В середине сентября Альбрехт II по издавна установившемуся обычаю открыл в Старом замке сессию ландтага. Этой церемонии предшествовал молебен в дворцовой церкви, который служил придворный проповедник доктор Визлиценус, затем великий герцог в сопровождении принца Клауса-Генриха торжественно проследовал в Тронный зал, где августейших братьев по знаку председателя верхней палаты графа Пренцлау приветствовали троекратным «ура!» члены обеих палат, министры, придворные чины и прочие господа как военные, так и штатские.

Альбрехт высказал настоятельное желание передать брату свою роль и в этом официальном действе и, только вняв упорным протестам господина фон Кнобельсдорфа, согласился занять свое место в торжественной процессии непосредственно за кадетами, переряженными в пажей. Его стеснял гусарский мундир с брандебурами, рейтузы в обтяжку и вообще вся эта комедия; лицо его явно выражало досаду и смущение. Нервно подергивая плечами, поднялся он на ступени трона и стоял там перед театральным креслом под потрепанным балдахином, посасывая верхнюю губу. Белый стоячий воротничок, торчавший из шитого серебром гусарского воротника, подпирал его худое, совсем не воинственное лицо с эспаньолкой, а голубые отчужденно глядящие глаза были устремлены в пространство. Среди водворившейся в зале тишины звякнули шпоры флигель-адъютанта, передавшего ему текст тронной речи. И невнятно, чуть пришепетывая, прерывая чтение из-за приступов внезапной хрипоты, произнес великий герцог написанную для него тронную речь.

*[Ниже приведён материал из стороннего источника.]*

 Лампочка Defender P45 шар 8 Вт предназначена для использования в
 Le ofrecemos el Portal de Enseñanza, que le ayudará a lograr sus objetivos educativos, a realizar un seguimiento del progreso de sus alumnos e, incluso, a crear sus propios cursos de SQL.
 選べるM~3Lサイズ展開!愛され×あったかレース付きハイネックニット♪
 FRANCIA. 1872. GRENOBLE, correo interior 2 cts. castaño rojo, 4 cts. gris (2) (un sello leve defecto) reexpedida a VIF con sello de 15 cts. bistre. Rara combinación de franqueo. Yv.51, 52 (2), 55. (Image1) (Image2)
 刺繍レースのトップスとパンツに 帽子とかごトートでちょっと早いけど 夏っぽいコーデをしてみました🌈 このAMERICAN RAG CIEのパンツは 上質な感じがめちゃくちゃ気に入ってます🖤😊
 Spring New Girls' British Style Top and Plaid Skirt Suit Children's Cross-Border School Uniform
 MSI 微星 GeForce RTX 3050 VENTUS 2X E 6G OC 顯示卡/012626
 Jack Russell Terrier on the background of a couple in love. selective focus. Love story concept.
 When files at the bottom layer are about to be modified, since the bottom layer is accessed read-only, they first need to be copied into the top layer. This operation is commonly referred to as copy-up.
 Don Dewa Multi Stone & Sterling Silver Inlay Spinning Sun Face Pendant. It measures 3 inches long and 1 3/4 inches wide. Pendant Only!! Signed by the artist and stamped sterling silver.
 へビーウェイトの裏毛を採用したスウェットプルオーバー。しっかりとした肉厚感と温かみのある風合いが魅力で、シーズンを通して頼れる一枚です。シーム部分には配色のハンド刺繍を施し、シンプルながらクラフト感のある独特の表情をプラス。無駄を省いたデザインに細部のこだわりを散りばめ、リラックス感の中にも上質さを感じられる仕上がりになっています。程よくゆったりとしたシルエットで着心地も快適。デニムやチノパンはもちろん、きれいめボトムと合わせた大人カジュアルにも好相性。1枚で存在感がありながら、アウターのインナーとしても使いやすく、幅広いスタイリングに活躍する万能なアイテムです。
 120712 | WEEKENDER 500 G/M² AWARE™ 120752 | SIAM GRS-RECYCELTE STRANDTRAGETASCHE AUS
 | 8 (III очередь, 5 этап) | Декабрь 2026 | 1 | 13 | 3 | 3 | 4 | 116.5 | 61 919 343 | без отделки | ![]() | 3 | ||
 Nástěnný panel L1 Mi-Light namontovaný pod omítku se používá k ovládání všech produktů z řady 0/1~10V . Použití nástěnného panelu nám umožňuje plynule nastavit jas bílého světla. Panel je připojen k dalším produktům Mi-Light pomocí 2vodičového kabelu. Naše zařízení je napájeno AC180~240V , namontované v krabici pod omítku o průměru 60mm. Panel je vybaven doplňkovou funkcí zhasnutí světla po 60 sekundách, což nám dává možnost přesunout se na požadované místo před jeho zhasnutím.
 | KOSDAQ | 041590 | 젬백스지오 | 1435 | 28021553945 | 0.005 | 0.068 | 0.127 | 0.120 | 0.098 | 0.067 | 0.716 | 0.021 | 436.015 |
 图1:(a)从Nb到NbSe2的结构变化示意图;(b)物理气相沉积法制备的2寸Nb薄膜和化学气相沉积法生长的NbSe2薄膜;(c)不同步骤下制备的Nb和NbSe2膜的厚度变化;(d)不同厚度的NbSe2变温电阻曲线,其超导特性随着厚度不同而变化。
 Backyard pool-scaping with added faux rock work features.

Вряд ли какая-либо другая тронная речь была составлена столь политично, каждому печальному объективному факту противопоставлялась та или иная присущая народу добродетель. Великий герцог начал с восхваления трудолюбия, которым отличается население, однако затем признал, что подлинного подъема во всех областях промышленности все же нет, а по сему источники дохода не всегда оправдывают возлагаемые на них надежды. Он с удовлетворением отметил, что народ все больше и больше проявляет стремление к общему благу и готовность нести материальные жертвы; затем, не приукрашая действительности, заявил, что, «несмотря на чрезвычайно отрадный факт возросшего поступления налогов, вследствие притока крупных налогоплательщиков-иностранцев» (намек на господина Шпельмана), все же нельзя думать о снижении тягот и по-прежнему приходится уповать на вышеупомянутую похвальную готовность к жертвам. И так уже, говорилось далее, государственной сметой не предусмотрен ряд финансово-политических мероприятий, и хотя пока не удалось еще погасить государственный долг в той мере, в какой это желательно, все же правительство рассматривает продолжение разумной политики займов как наилучший выход из финансовых затруднений. Во всяком случае, несмотря на самые неблагоприятные обстоятельства, оно — то есть правительство — находит поддержку в доверии населения, в его уповании на будущее, исконной добродетели нашего народа… И при первой же возможности тронная речь перешла с деликатной финансово-экономической темы к менее щекотливой: к вопросам церкви, школы и правосудия. Премьер-министр фон Кнобельсдорф от имени государя провозгласил ландтаг открытым. В криках «ура!», которыми проводили Альбрехта, покидавшего зал, упорно звучала какая-то безнадежная нотка.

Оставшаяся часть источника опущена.